** Work to complete **
Wherever pictures appear in the listing below, leave them out, and copy exactly, and only, everything from the line with "モダンなデザイン、でもレトロ" down to the line with "Figure 1. Flow".

** Information shown **
+++++
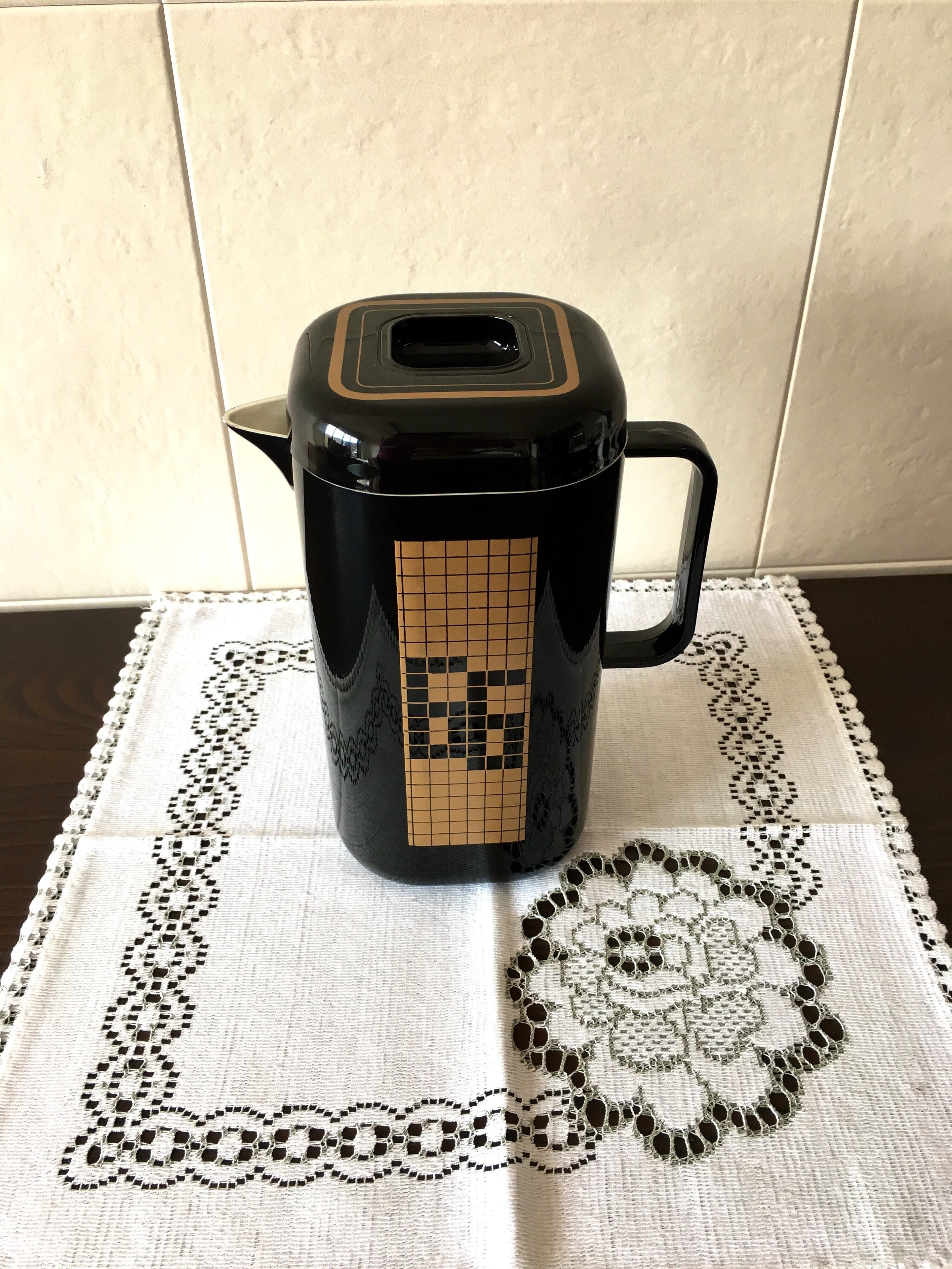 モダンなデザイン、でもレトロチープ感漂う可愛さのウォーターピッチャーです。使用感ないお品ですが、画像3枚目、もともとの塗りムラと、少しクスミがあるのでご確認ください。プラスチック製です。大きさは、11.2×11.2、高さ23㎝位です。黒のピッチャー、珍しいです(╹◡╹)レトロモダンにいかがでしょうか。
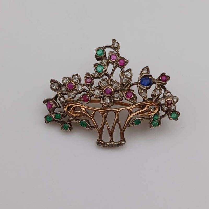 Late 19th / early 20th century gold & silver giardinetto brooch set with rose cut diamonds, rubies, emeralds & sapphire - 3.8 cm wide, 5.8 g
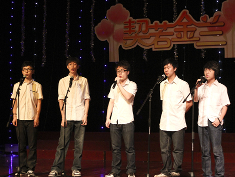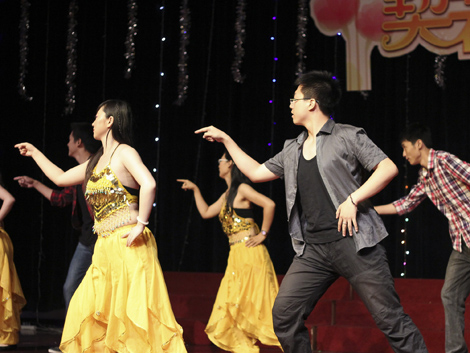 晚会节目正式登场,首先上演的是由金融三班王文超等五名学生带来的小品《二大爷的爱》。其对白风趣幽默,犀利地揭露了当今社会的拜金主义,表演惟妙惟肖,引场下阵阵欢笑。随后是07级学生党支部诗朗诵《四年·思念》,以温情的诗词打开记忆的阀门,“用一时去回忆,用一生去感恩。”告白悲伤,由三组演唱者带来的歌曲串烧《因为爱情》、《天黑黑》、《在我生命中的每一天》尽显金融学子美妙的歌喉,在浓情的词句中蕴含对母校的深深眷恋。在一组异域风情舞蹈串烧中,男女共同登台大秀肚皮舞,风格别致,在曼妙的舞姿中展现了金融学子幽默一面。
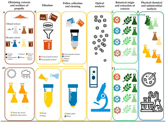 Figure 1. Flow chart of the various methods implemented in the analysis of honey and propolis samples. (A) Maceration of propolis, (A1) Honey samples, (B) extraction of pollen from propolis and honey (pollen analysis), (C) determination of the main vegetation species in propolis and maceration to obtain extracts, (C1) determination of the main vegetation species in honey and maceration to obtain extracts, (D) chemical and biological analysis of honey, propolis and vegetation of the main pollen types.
+++++
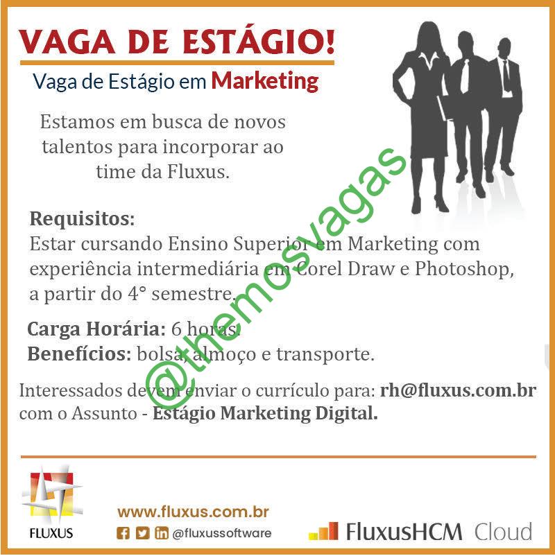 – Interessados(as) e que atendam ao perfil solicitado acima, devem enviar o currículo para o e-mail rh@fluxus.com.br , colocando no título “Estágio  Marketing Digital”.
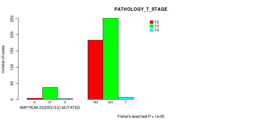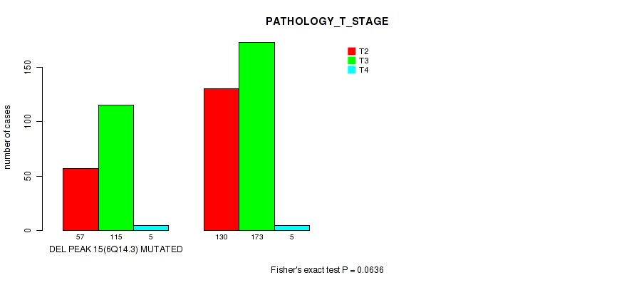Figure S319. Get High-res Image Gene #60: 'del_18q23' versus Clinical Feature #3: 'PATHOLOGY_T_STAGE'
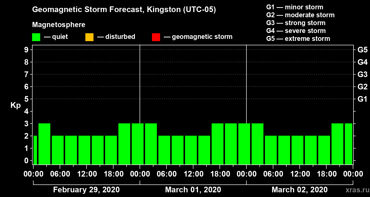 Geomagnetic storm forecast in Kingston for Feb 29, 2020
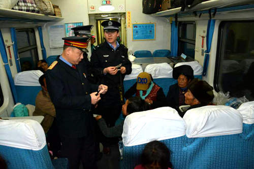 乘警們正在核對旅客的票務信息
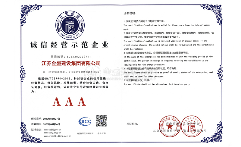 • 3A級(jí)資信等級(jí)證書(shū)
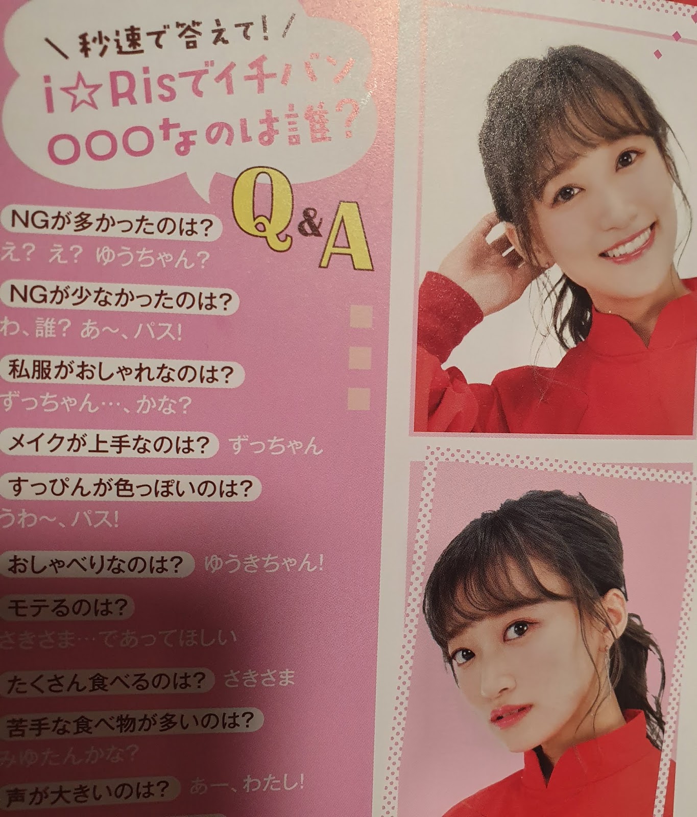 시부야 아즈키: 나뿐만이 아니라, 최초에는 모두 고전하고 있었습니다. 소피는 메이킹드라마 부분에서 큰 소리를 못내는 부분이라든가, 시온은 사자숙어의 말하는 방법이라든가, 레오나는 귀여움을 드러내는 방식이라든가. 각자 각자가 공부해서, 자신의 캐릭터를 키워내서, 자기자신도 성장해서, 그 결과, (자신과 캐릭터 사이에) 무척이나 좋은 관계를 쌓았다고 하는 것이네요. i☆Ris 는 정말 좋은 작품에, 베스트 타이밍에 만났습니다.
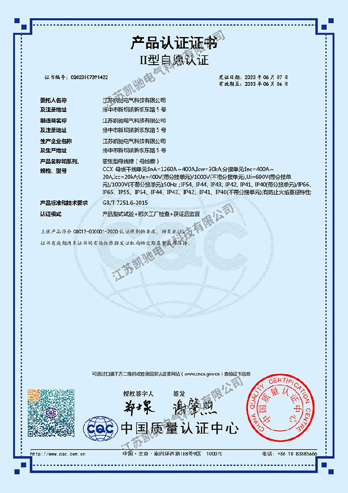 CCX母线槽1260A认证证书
+++++
** Written response **
 モダンなデザイン、でもレトロチープ感漂う可愛さのウォーターピッチャーです。使用感ないお品ですが、画像3枚目、もともとの塗りムラと、少しクスミがあるのでご確認ください。プラスチック製です。大きさは、11.2×11.2、高さ23㎝位です。黒のピッチャー、珍しいです(╹◡╹)レトロモダンにいかがでしょうか。
 Late 19th / early 20th century gold & silver giardinetto brooch set with rose cut diamonds, rubies, emeralds & sapphire - 3.8 cm wide, 5.8 g
 晚会节目正式登场,首先上演的是由金融三班王文超等五名学生带来的小品《二大爷的爱》。其对白风趣幽默,犀利地揭露了当今社会的拜金主义,表演惟妙惟肖,引场下阵阵欢笑。随后是07级学生党支部诗朗诵《四年·思念》,以温情的诗词打开记忆的阀门,“用一时去回忆,用一生去感恩。”告白悲伤,由三组演唱者带来的歌曲串烧《因为爱情》、《天黑黑》、《在我生命中的每一天》尽显金融学子美妙的歌喉,在浓情的词句中蕴含对母校的深深眷恋。在一组异域风情舞蹈串烧中,男女共同登台大秀肚皮舞,风格别致,在曼妙的舞姿中展现了金融学子幽默一面。
 Figure 1. Flow chart of the various methods implemented in the analysis of honey and propolis samples. (A) Maceration of propolis, (A1) Honey samples, (B) extraction of pollen from propolis and honey (pollen analysis), (C) determination of the main vegetation species in propolis and maceration to obtain extracts, (C1) determination of the main vegetation species in honey and maceration to obtain extracts, (D) chemical and biological analysis of honey, propolis and vegetation of the main pollen types.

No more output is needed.